采用顶空固相微萃取(HS-SPME)收集来自感染了樟疫霉的羽扇豆幼苗的挥发性有机化合物(VOCs)。采样在接种后28至44小时、52至68小时以及76至92小时进行。通过气相色谱 - 火焰离子化检测器(GC-FID)对HS-SPME样品进行分析,以评估感染樟疫霉的羽扇豆幼苗与对照之间挥发性化合物的差异。在感染的羽扇豆幼苗接种后52至68小时鉴定出三个特定峰,此时地上部分没有明显的感染症状。
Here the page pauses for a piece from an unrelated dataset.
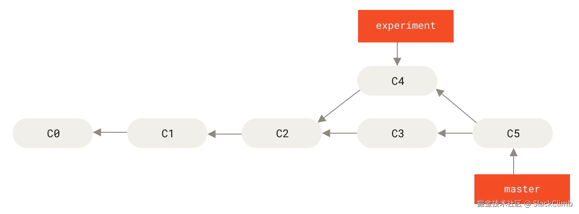 experiment分支的指针移开,把它的基础设置为master分支的最新提交C3。这一步为后续重新应用提交做准备,让experiment分支基于master分支的最新状态。 - 生成新提交:Git 依照保存的提交序列,将

随后,采用气相色谱 - 质谱联用仪(GC/MS)分析了感染樟疫霉的五种不同基质(V8A、PDA、羽扇豆幼苗、土壤以及土壤 + 羽扇豆幼苗)及其相应对照的VOCs。共鉴定出87种VOCs。其中,在所有五种接种基质中都特有的含量最丰富的五种物质包括:4-乙基-2-甲氧基苯酚、4-乙基苯酚、丁内酯、苯乙醇和3-羟基-2-丁酮。因此,这些代谢产物可作为在不同生长环境中鉴定樟疫霉的标志物。一些VOCs对特定基质具有特异性;例如,2,4,6-三甲基庚烷、dl-6-甲基-5-庚烯-2-醇、二甲基三硫醚、6,10-二甲基-5,9-十一碳二烯-2-醇和2-甲氧基-4-乙烯基苯酚对樟疫霉 + V8A具有特异性;庚烷和5-甲基-3-庚酮对樟疫霉 + PDA具有特异性;3-甲基-1-丁醇、乙酸乙酯、2-甲基丙酸乙酯和2-甲基丁酸乙酯对接种了樟疫霉的羽扇豆幼苗具有特异性;而苯甲醇和4-乙基-1,2-二甲氧基苯仅在接种的土壤 + 羽扇豆幼苗的顶空中检测到。本研究结果具有多方面的影响,因为病原体产生的挥发性有机化合物谱可作为一种预警系统,用于从受污染的田间土壤样品中检测病原体。本研究的数据还揭示了卵菌在感染过程中利用的潜在代谢途径,这可能成为开发特定控制策略的潜在靶点。